Unlike many of RBDG’s typical projects, where the main concern is protection from outside noise, the focus in Richardson’s room was keeping sounds from escaping. The only external noise significant enough to be factored into the design was the air-conditioning compressors located outside along the wall of the room.

“There was a concern for noise leakage into the bedroom adjacent to the practice space,” Berger says. “The shell construction and interior walls were designed with appropriate mass and sealed airtight to ensure adequate sound transmission loss.”

During the installation, Berger used 3.0 PCF glass fiberboard covered with acoustically transparent stretched fabric on the walls and ceiling as the primary absorptive treatment. Behind these materials, decoupled wood and multiple layers of drywall were installed to assist in isolating the sound.

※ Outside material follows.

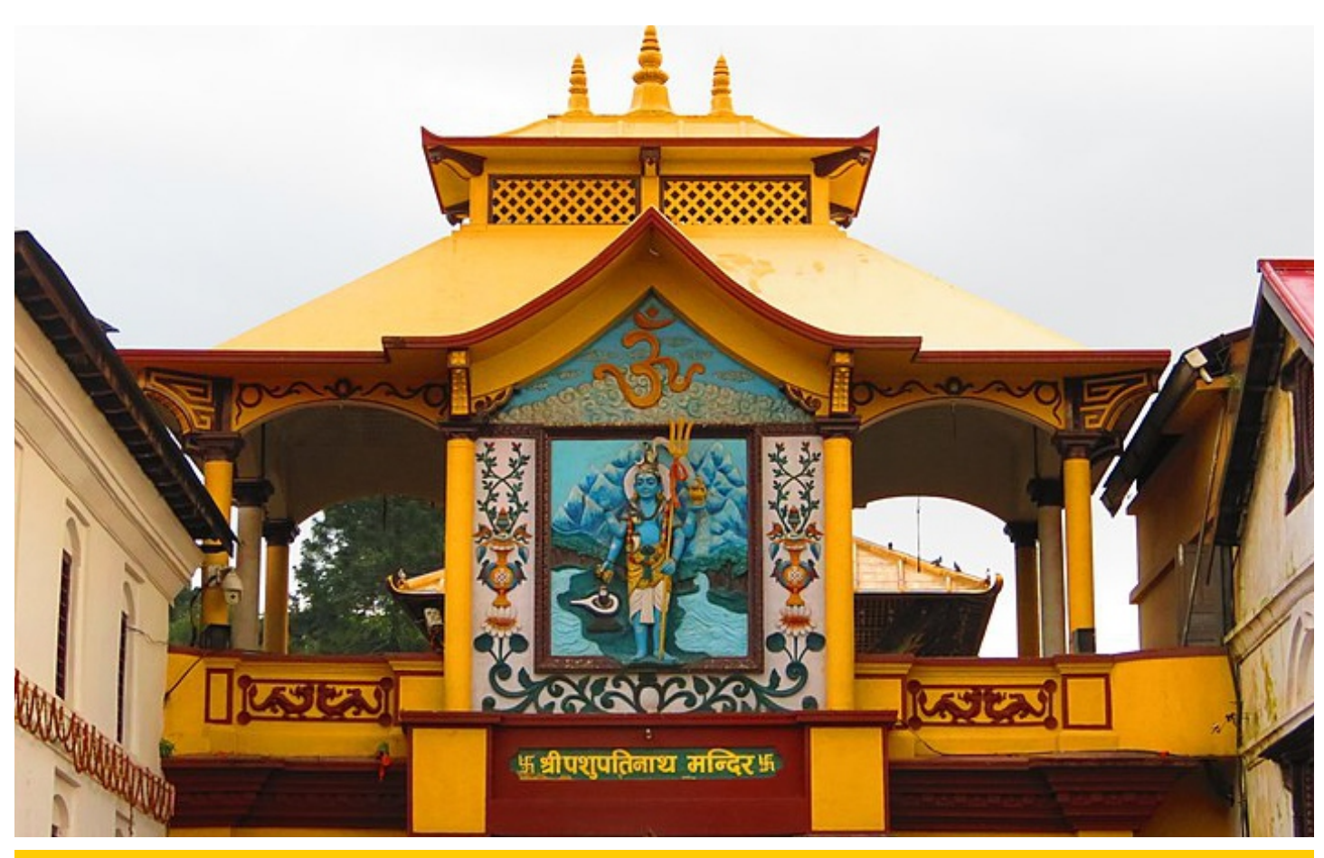
Pashupatinath Temple

"Pashupatinath is a famous and sacred Hindu temple complex that is located on the banks of the Bagmati River, approximately 5 km north-east of Kathmandu." — Wikipedia / CC BY-SA 3.0

Wood flooring was laid over a new concrete topping slab to help level the sloped garage floor and enhance the room’s sound quality.

Though the drum room is primarily used as a place to practice and teach, the acoustical design allows the facility to also serve as a recording studio. “After hearing the room’s incredible sound, I invested in some high-quality microphones and preamps,” says Richardson. “I’ve been recording projects for local houses of worship, drum loops and drum programming.”